**What this task involves**
Your task is to restate the listing word for word without the pictures.

**Record set**
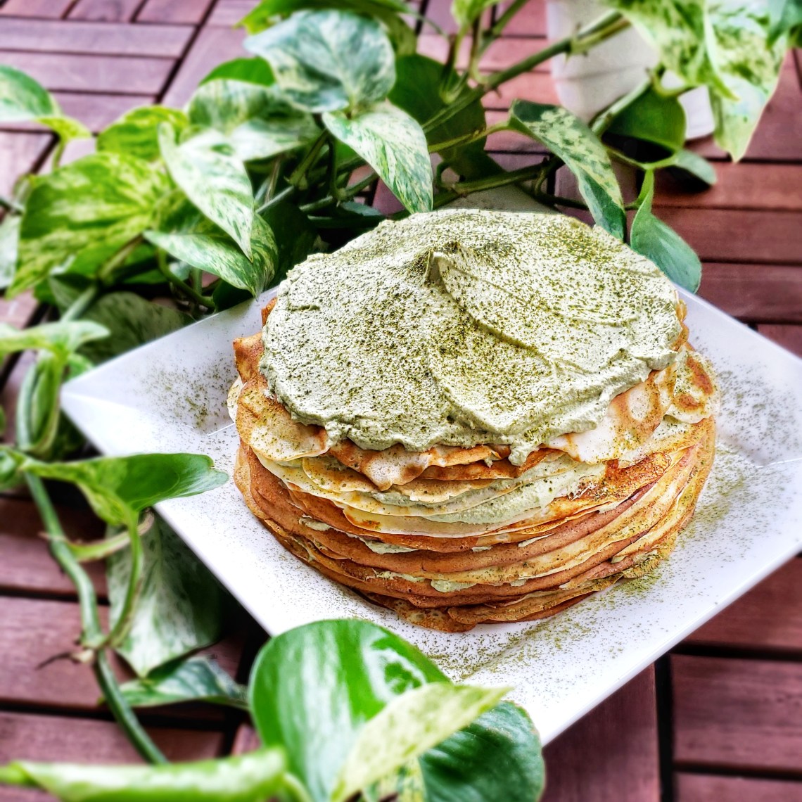 My mom has recently become a fan of making her own crepe with strawberry jam or marmalade jam. She was happy to find an easy crepe recipe on Food Wishes (Chef John) website and shared it with me. Then I suggested that we make a Matcha Mille Crepe Cake! It’s so easy, but required a bit more time to make. No baking required! Below I will walk you through my steps on how to make a Matcha Mille Crepe Cake.
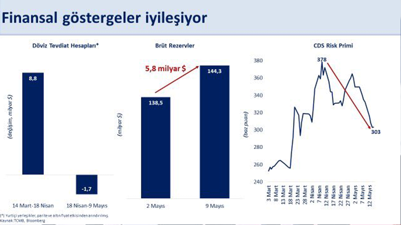 Şimşek, sosyal medya hesabından yaptığı açıklamada, şunları söyledi: "Zamanında attığımız doğru adımlarla finansal piyasalarda görünüm iyileşiyor. Yabancı para cinsi mevduat (DTH) talebi ve ülke risk primi (CDS) gerilerken rezerv birikimi yeniden başladı."
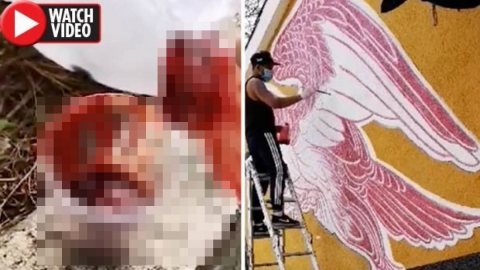 ศิลปินหนุ่มโคลอมเบียกำลังวาดภาพฝาผนัง โดยใช้เลือดมนุษย์เป็นส่วนผสม !
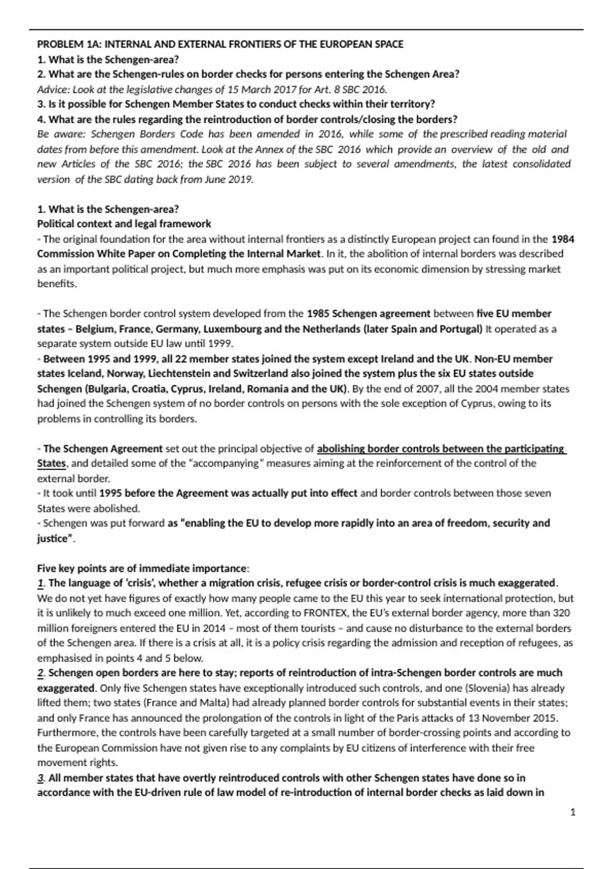 PROBLEM 1A: INTERNAL AND EXTERNAL FRONTIERS OF THE EUROPEAN SPACE
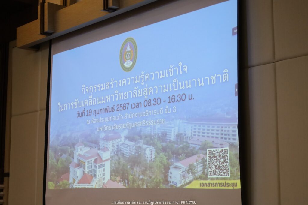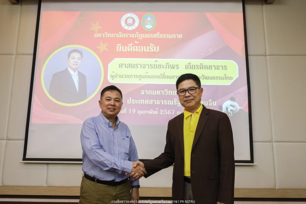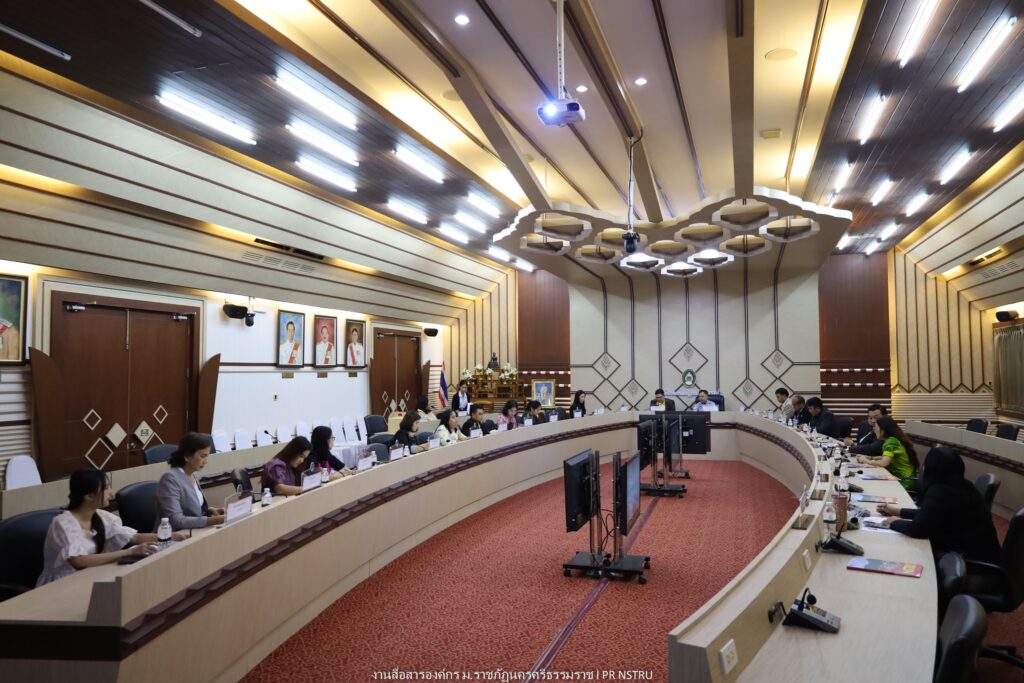 On February 19, 2024, at 9:00 a.m., Nakhon Si Thammarat Rajabhat University (NSTRU) organized a training and knowledge-sharing activity titled “Strategies for Driving MOU Implementation under the Academic Exchange Program for Students, Lecturers, and Researchers with Partner Institutions” at the Thorkaew Meeting Room, Office of the President.

**Written solution**
 My mom has recently become a fan of making her own crepe with strawberry jam or marmalade jam. She was happy to find an easy crepe recipe on Food Wishes (Chef John) website and shared it with me. Then I suggested that we make a Matcha Mille Crepe Cake! It’s so easy, but required a bit more time to make. No baking required! Below I will walk you through my steps on how to make a Matcha Mille Crepe Cake.
 Şimşek, sosyal medya hesabından yaptığı açıklamada, şunları söyledi: "Zamanında attığımız doğru adımlarla finansal piyasalarda görünüm iyileşiyor. Yabancı para cinsi mevduat (DTH) talebi ve ülke risk primi (CDS) gerilerken rezerv birikimi yeniden başladı."
 ศิลปินหนุ่มโคลอมเบียกำลังวาดภาพฝาผนัง โดยใช้เลือดมนุษย์เป็นส่วนผสม !
 PROBLEM 1A: INTERNAL AND EXTERNAL FRONTIERS OF THE EUROPEAN SPACE
 On February 19, 2024, at 9:00 a.m., Nakhon Si Thammarat Rajabhat University (NSTRU) organized a training and knowledge-sharing activity titled “Strategies for Driving MOU Implementation under the Academic Exchange Program for Students, Lecturers, and Researchers with Partner Institutions” at the Thorkaew Meeting Room, Office of the President.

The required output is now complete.